Your assignment. From the line containing "今回、日本感染症学会の了解を" down to the line containing "1.foo函数定义,形成foo函数的作用域链,作用域链的第一位为全局执行上下文", copy out the entries below exactly, both lines included, and nothing else; pictures do not belong in the copy.

Input for this task.

=== Section Start ===

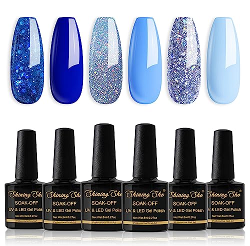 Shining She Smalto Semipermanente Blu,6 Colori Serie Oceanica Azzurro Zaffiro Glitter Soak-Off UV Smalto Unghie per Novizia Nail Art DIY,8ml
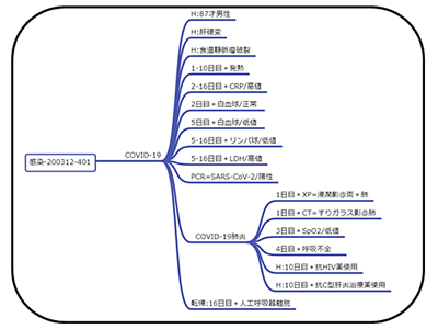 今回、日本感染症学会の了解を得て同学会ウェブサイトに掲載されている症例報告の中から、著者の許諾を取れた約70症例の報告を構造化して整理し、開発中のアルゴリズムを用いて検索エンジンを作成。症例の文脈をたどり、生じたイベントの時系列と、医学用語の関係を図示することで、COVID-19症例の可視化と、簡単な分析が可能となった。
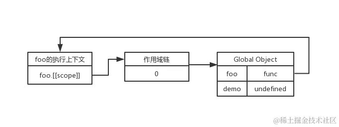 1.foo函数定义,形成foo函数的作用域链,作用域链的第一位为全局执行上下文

=== Section End ===
=== Section Start ===

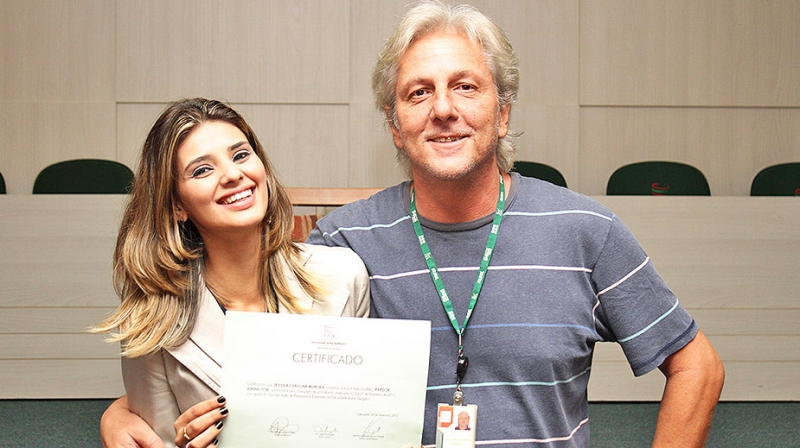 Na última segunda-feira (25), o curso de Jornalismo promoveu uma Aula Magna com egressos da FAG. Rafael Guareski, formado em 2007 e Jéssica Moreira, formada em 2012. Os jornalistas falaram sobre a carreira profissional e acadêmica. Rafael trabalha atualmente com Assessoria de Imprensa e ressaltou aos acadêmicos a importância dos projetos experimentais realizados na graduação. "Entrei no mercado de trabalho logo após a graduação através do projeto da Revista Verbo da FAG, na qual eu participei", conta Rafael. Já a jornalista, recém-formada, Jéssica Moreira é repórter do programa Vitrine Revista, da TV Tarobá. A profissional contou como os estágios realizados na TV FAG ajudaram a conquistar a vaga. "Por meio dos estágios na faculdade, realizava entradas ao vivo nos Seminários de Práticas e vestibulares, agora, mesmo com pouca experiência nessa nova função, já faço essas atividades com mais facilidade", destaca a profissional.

=== Section End ===

Task response.
 今回、日本感染症学会の了解を得て同学会ウェブサイトに掲載されている症例報告の中から、著者の許諾を取れた約70症例の報告を構造化して整理し、開発中のアルゴリズムを用いて検索エンジンを作成。症例の文脈をたどり、生じたイベントの時系列と、医学用語の関係を図示することで、COVID-19症例の可視化と、簡単な分析が可能となった。
 1.foo函数定义,形成foo函数的作用域链,作用域链的第一位为全局执行上下文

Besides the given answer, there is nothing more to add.